» WHAT YOU ARE ASKED TO DO:
Don't include pictures. Quote the lines below from the first through the line that contains "Пазл упакован в".

» INFORMATION SHOWN:
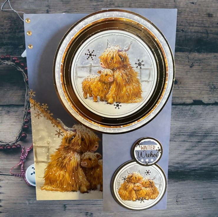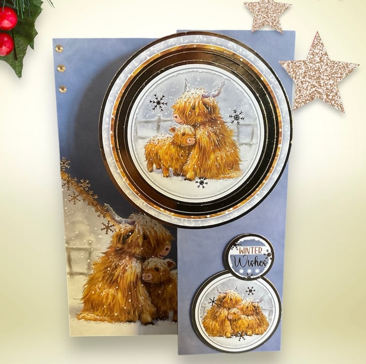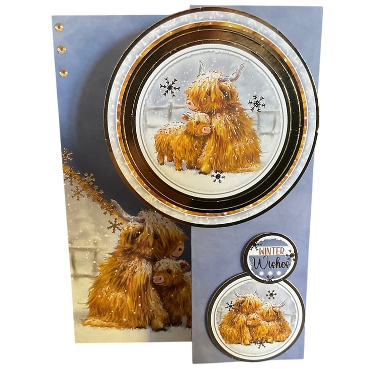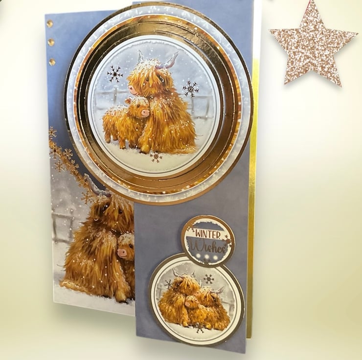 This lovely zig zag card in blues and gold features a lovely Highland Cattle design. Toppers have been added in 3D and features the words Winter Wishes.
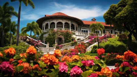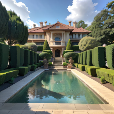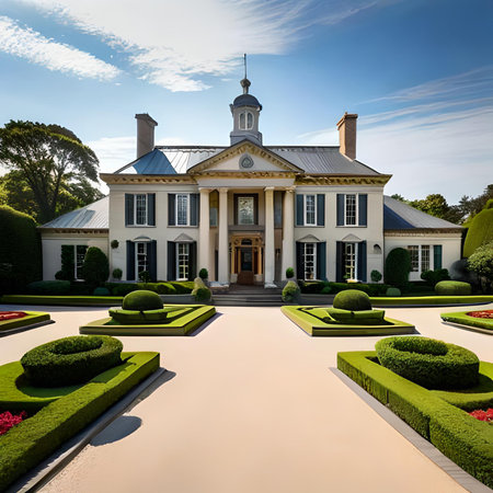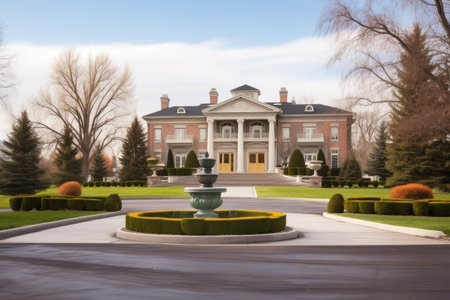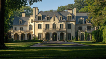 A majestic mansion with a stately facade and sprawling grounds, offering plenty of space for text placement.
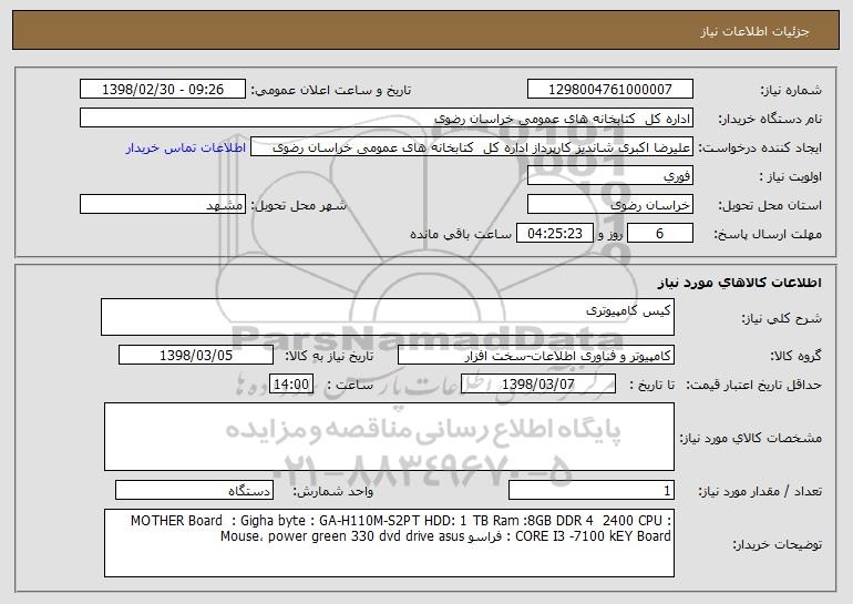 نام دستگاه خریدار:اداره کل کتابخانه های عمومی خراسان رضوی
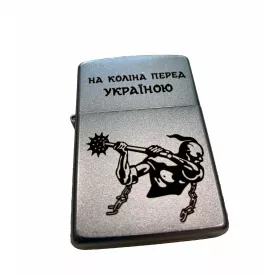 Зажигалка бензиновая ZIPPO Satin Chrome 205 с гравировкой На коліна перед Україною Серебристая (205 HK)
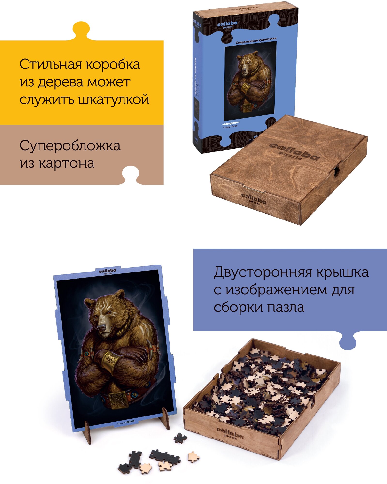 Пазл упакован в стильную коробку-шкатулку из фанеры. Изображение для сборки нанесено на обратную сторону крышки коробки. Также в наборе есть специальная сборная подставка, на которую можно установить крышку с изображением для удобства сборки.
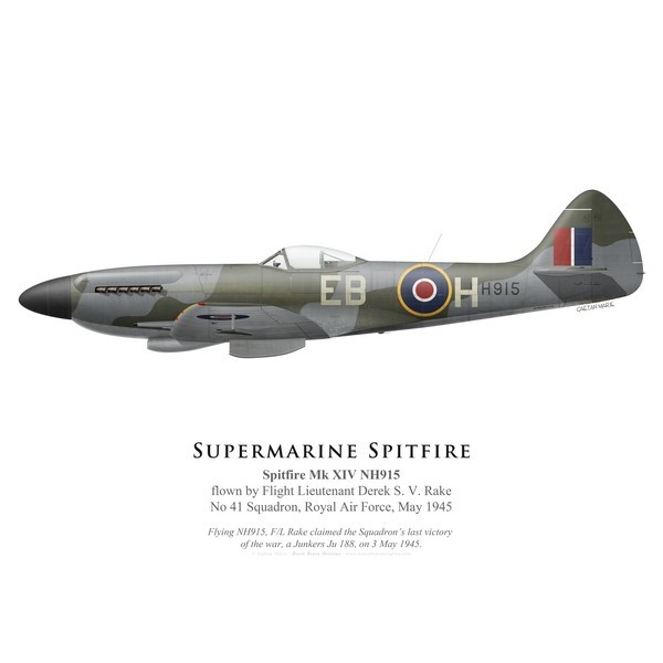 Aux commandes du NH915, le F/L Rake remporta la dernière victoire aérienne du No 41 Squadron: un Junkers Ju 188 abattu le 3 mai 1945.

» WRITTEN RESPONSE:
 This lovely zig zag card in blues and gold features a lovely Highland Cattle design. Toppers have been added in 3D and features the words Winter Wishes.
 A majestic mansion with a stately facade and sprawling grounds, offering plenty of space for text placement.
 نام دستگاه خریدار:اداره کل کتابخانه های عمومی خراسان رضوی
 Зажигалка бензиновая ZIPPO Satin Chrome 205 с гравировкой На коліна перед Україною Серебристая (205 HK)
 Пазл упакован в стильную коробку-шкатулку из фанеры. Изображение для сборки нанесено на обратную сторону крышки коробки. Также в наборе есть специальная сборная подставка, на которую можно установить крышку с изображением для удобства сборки.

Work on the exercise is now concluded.